Data excerpts.
::::::::

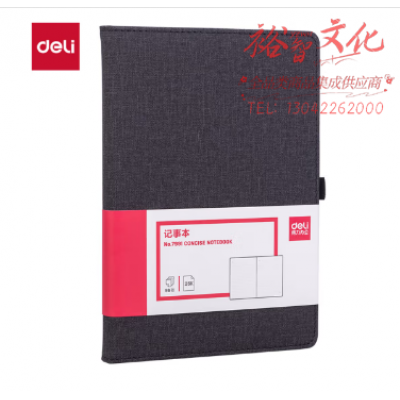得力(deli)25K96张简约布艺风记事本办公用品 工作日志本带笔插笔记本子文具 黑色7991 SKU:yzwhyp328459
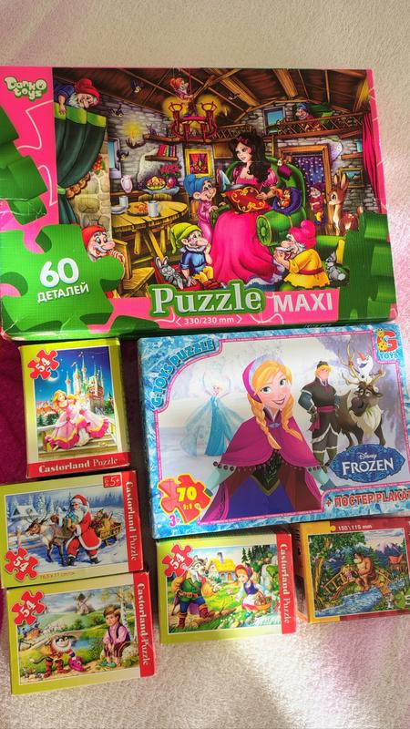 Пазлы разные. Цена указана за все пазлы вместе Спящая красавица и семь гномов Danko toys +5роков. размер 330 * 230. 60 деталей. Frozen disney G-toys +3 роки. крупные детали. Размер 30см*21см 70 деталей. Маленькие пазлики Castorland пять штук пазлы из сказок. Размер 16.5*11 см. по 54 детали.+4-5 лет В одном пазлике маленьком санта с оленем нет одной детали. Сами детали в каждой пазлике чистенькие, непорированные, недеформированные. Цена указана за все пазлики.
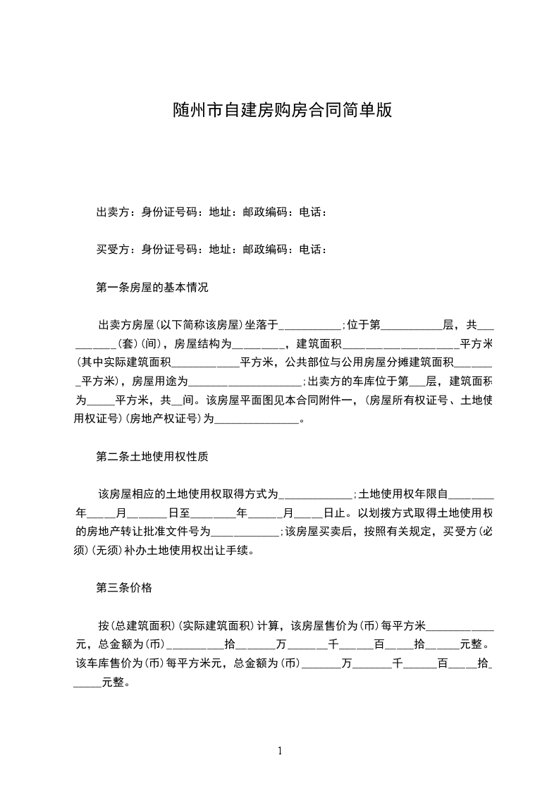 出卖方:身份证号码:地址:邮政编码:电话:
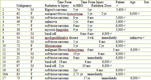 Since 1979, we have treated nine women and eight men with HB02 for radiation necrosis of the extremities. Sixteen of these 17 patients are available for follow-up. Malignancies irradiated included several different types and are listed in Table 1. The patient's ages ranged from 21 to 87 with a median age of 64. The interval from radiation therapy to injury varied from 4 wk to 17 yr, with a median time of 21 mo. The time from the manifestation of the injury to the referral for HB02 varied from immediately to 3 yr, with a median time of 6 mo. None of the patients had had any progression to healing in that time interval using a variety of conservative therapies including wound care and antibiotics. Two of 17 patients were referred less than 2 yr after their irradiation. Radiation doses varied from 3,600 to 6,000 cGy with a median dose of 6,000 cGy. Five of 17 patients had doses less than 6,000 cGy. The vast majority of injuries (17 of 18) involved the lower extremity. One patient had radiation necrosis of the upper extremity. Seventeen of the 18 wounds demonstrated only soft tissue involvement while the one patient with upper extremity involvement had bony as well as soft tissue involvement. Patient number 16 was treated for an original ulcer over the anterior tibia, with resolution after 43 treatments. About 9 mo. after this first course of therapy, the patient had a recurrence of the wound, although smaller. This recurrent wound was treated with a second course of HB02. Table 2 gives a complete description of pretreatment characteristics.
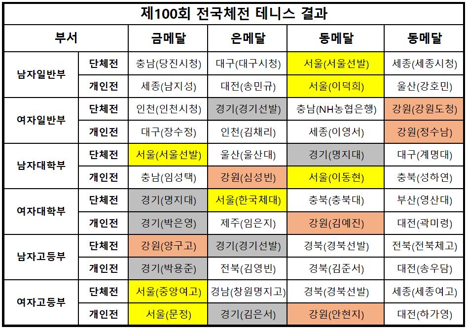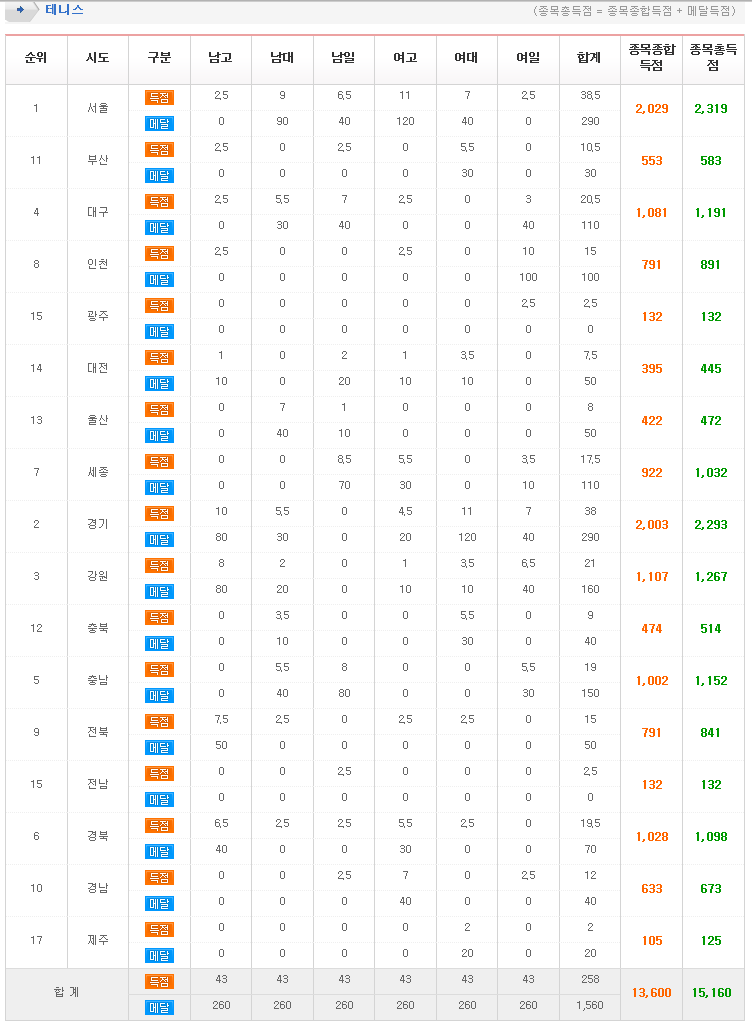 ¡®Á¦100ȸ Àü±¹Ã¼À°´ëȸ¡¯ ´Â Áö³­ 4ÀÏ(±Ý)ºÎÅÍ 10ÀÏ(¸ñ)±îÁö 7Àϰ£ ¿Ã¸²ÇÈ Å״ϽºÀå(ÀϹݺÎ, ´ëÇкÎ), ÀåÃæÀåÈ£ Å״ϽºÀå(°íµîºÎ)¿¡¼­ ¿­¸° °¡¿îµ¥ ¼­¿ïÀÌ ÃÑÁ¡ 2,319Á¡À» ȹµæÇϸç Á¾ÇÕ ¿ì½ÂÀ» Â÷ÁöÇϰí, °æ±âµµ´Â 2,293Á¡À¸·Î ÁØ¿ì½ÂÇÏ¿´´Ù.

::::::::

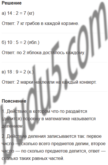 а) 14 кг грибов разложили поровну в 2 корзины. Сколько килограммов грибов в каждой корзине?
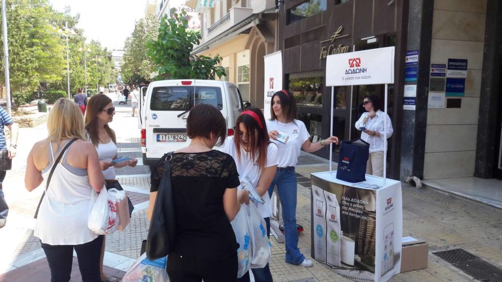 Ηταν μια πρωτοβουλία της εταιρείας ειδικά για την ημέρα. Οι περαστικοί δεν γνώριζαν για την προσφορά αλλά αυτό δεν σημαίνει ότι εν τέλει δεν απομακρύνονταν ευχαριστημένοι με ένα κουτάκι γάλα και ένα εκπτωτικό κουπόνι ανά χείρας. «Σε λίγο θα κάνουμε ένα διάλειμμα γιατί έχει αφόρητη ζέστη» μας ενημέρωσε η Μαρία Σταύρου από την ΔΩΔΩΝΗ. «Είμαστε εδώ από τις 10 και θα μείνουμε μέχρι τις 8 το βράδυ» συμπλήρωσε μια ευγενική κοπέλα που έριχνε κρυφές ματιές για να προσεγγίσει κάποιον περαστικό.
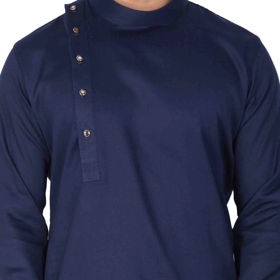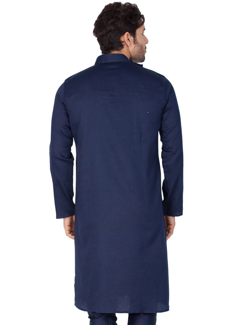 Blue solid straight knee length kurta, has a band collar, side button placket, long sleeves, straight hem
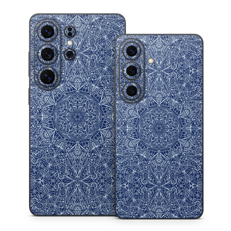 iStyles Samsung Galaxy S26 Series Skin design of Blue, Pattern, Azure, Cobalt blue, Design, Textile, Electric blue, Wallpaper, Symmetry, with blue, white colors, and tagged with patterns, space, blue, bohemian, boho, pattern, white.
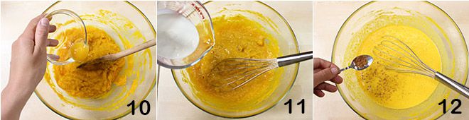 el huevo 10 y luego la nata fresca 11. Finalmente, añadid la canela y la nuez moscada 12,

::::::::

After locating "Blue solid straight" and "el huevo 10" in the records above, return exactly the line holding each one and every line between them; leave out the pictures.

 Blue solid straight knee length kurta, has a band collar, side button placket, long sleeves, straight hem
 iStyles Samsung Galaxy S26 Series Skin design of Blue, Pattern, Azure, Cobalt blue, Design, Textile, Electric blue, Wallpaper, Symmetry, with blue, white colors, and tagged with patterns, space, blue, bohemian, boho, pattern, white.
 el huevo 10 y luego la nata fresca 11. Finalmente, añadid la canela y la nuez moscada 12,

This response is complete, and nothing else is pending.